Dear Dr. Boli: The cheese I bought at a local gourmet market says on the label that it is “100% grass-fed.” What does that mean? I was not aware that cheese ate grass. —Sincerely, A Gourmet Who Is Rapidly Losing Her Appetite for Cheese.

Dear Madam: The cheese you see in markets has, of course, been slaughtered and usually skinned and cut for sale. We seldom have a chance to see the majestic animal roaming free across the vast steppes that were once its home; but if you visit the great cheese farms of Pennsylvania, New York, Wisconsin, and Ohio, you can still see large herds of cheeses in a domesticated state. In the wild, cheese subsists on whatever scrub and weeds it can find to graze on. Domestic cheese may be fed almost any vegetable garbage, such as potato peels, carrot ends, and broccoli stems; but the best and most expensive cheeses are fed grass only, usually in the form of clippings from a local country club. Dr. Boli hopes that, now that you know how much care has gone into the feeding and slaughtering of the cheese you have just purchased, you have regained your healthy appetite.

Comments

  1. Whoah! Tags! Are we gonna go back and retro-tag all the old articles, or will we go a few days with the only searchable tag on the website is “Cheese”? Because I’m perfectly fine with that.

    • Dr. Boli says:

      Once every few months, Dr. Boli feels ambitious enough to add a tag to an article; then the desire subsides, and the tag-hungry public have to wait another few months. However, it might be possible to create a script that would “retro-tag” all the old articles at once. Dr.

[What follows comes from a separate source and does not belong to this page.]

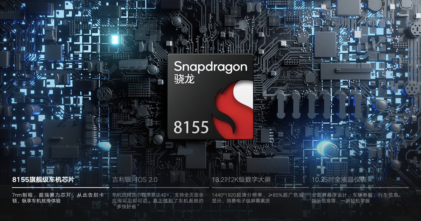 吉利博越COOL朋友版搭载高通骁龙8155芯片,据称是“价格最低的骁龙8155座舱之一”,全系标配10.25英寸全液晶数字仪表及13.2英寸2K分辨率中控,搭载银河 OS 2.0 车机系统,支持人脸识别和L2 辅助驾驶系统。

Boli supposes that “Cheese” would be a good tag for pretty much all of them, so the script would not be terribly complex.

  2. Bruce says:

    Far be it from me to correct so august a personage as Dr. Boli, but perchance you had a typo above? The sentence near the middle of your otherwise excellent discourse seems as though it should read “you can still see large CURDS of cheeses in a domesticated state.” I know, the words sound so similar, the confusion would be natural. I know that I’ve frequently marveled at vast curds of cheese in their domesticated state.